Step 1: Configure Azure Data Lake Storage Connectivity for Sourcegraph Amp

Connectivity to Azure Data Lake Storage from Amp is made possible through CData Connect AI Remote MCP. To interact with Azure Data Lake Storage data from Amp, we start by creating and configuring a Azure Data Lake Storage connection in CData Connect AI.

  1. Log into Connect AI, click Sources, and then click Add Connection
  2. Select "Azure Data Lake Storage" from the Add Connection panel
  3. Enter the necessary authentication properties to connect to Azure Data Lake Storage.

    Authenticating to a Gen 1 DataLakeStore Account

    Gen 1 uses OAuth 2.0 in Entra ID (formerly Azure AD) for authentication.

    For this, an Active Directory web application is required. You can create one as follows:

    1. Sign in to your Azure Account through the .
    2. Select "Entra ID" (formerly Azure AD).
    3. Select "App registrations".
    4. Select "New application registration".
    5. Provide a name and URL for the application. Select Web app for the type of application you want to create.
    6. Select "Required permissions" and change the required permissions for this app. At a minimum, "Azure Data Lake" and "Windows Azure Service Management API" are required.
    7. Select "Key" and generate a new key. Add a description, a duration, and take note of the generated key. You won't be able to see it again.
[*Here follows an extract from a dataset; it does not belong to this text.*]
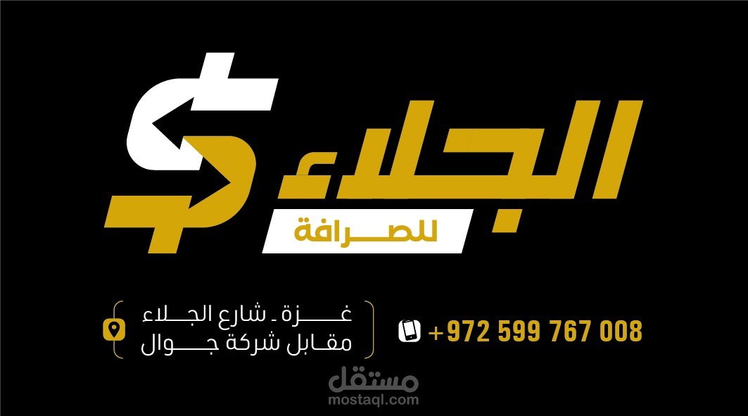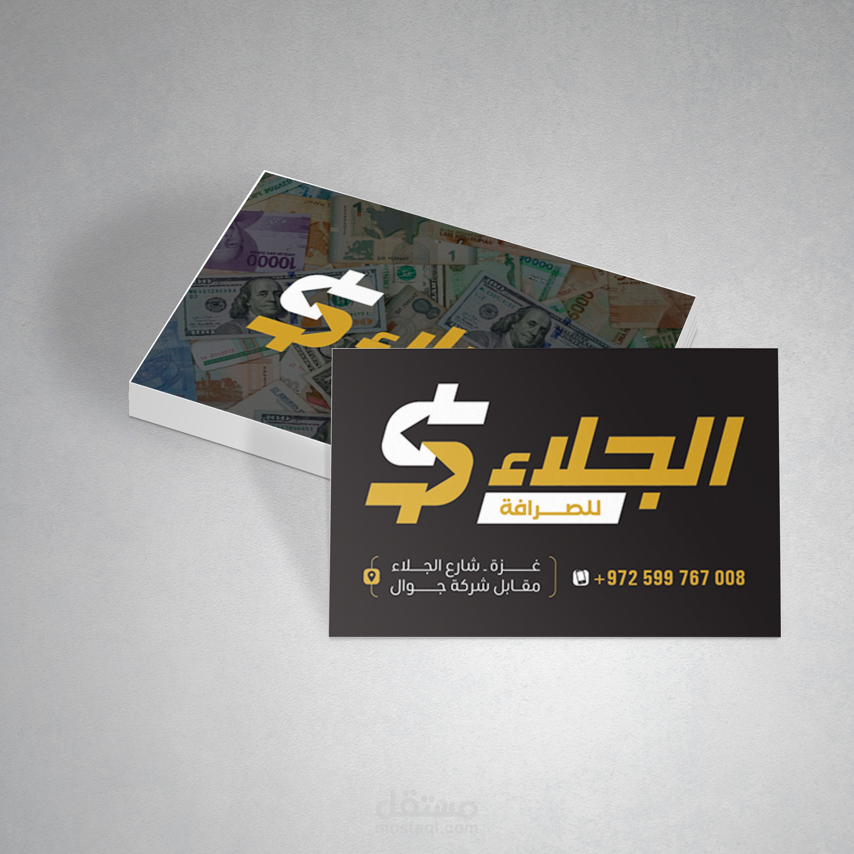 تصميم بطاقة عمل لصالح محل صرافة باستخدام برنامجي الفوتوشوب والاليستريتور .
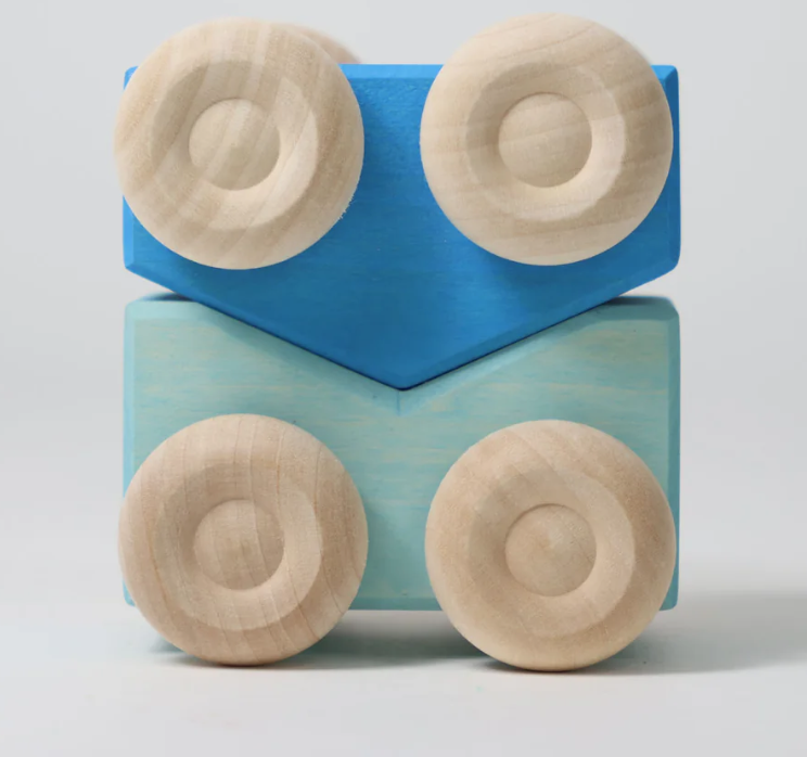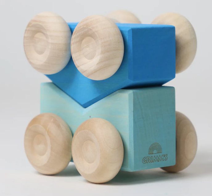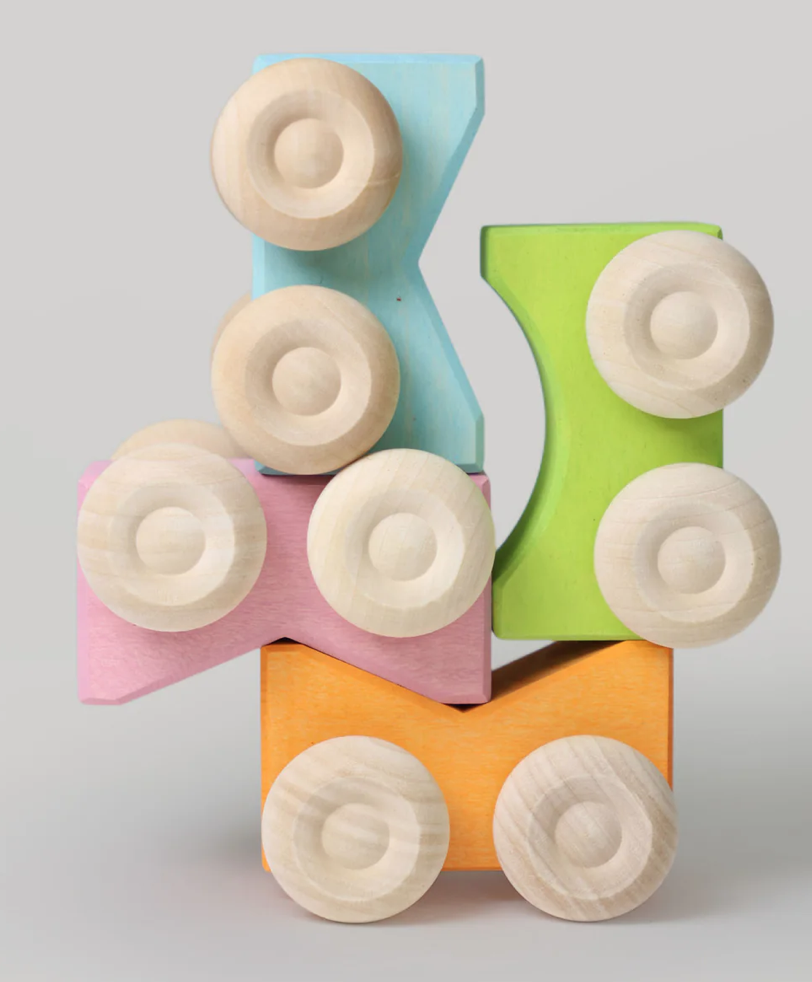 Os carrinhos empilháveis combinam dois temas populares nas brincadeiras infantis: podem ser empilhados e podem rolar.

    To authenticate against a Gen 1 DataLakeStore account, the following properties are required:

    • Schema: Set this to ADLSGen1.
    • Account: Set this to the name of the account.
    • OAuthClientId: Set this to the application Id of the app you created.
    • OAuthClientSecret: Set this to the key generated for the app you created.
    • TenantId: Set this to the tenant Id. See the property for more information on how to acquire this.
    • Directory: Set this to the path which will be used to store the replicated file. If not specified, the root directory will be used.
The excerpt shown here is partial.